NaNoWriMo 2016 - Pre-Planning

6 minute read

Header image via Morguefile.

So here we are again.

May to September.

No point in dwelling on that, I suppose, though I did manage to finish the draft of The Witch and the Snake...back in July. Really should have made a post about that.

Yay?

Like I said, I'm not worrying about it until 2017...maybe this coming December if I finish NaNoWriMo early. Which I doubt. But Airless only took until the middle of the month so I'll have time and be restless.

Then again, I really should stop planning for the future since it never seems to work out the way I like


But I'm getting ahead of myself.

The business of the day is, well, up in the title. I haven't done a NaNoWriMo since 2012, and no one's more surprised than me that four freaking years have passed since then. I've changed so much since then, especially my writing. I have settings, characters, whole series that I didn't have back then.

All I had in those days were the image of an air vent belching oxygen into a dark, endless void. That birthed my first completed novel, and I can't say I'm not nostalgic for those days. I'm more set in my ways now, I have projects I want to do and am planning for, but I miss how small my imagination was back then. When I was hungry for any and every idea, and spent hundreds or thousands of words tying one down no matter how sparse it seemed. I just wanted something, some body of work, something to show off and prove I was a writer.

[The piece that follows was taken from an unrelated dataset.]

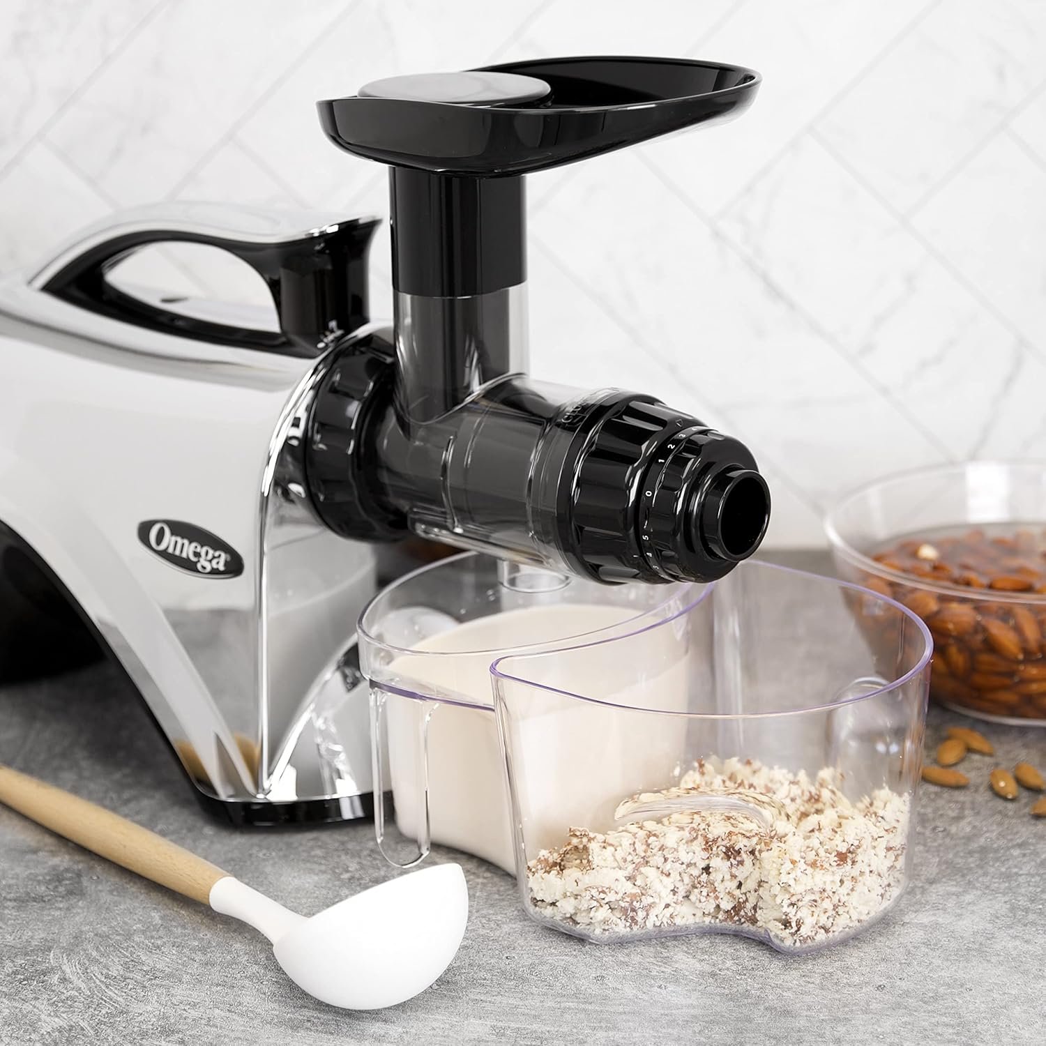 The Omega NC900HD Nutrition System is a masticating juicer machine. Sometimes referred to as a low-speed juicer, the Nutrition Center processes at 80 RPM, whereas most other juice extractor machines process at a speed of 1,650 to 15,000 RPM. The low speed protects and maintains healthy enzymes, prevents oxidation, and allows juice to be stored for longer periods without degradation. One of the most effective ways to easily access nutritious enzymes that help to improve immunity and overall health, Omega Juicer Machines are designed to deliver a potent dose of antioxidants to boost and support overall health and immunity. Don’t eat your fruits and veggies—juice them and enjoy a day’s worth of vitamins in 1 delicious drink! The dual-stage juice processing system extracts the maximum amount of juice from fruits, vegetables, leafy greens, and even wheatgrass! You can also use your Omega low-speed juicer to turn nuts into nut butters, make baby food from natural, fresh ingredients, whip up soy milk, extrude pasta, grind coffee and spices, and mince herbs and garlic. Make delicious and nutritious drinks and snacks that everyone will love with the help of this slow juicer cold press machine. Note: some noise is to be expected. Please set this compact juicer machine juicer on top of a thin towel to help stabilize and mitigate noise.

And, well, I've got it now.

Brief nostalgia trip aside, I've decided on what I want to write for NaNoWriMo. It was between this and another idea I had, a Gothic fantasy, but this idea's technically older and I want a little more time to flesh that setting out before I work on it. Which will probably be next year after I'm done editing The Witch and the Snake...or maybe my 2017 NaNo. Who knows.

Okay, so.

This project is a space opera. Probably my favorite genre alongside Gothic fantasy. It stars an AI, the sentient computer of a starship, who had been stranded in an uncharted star system for fifty years. She's rescued by and works with a disgraced pilot, living a life of squalor out on the frontier, and they work together to return to Earth, to reunite the AI with her 'mother,' the woman who programmed her.

And along the way the AI learns a little something about friendship, love, and the human condition.

Okay, she learns a lot about all that stuff.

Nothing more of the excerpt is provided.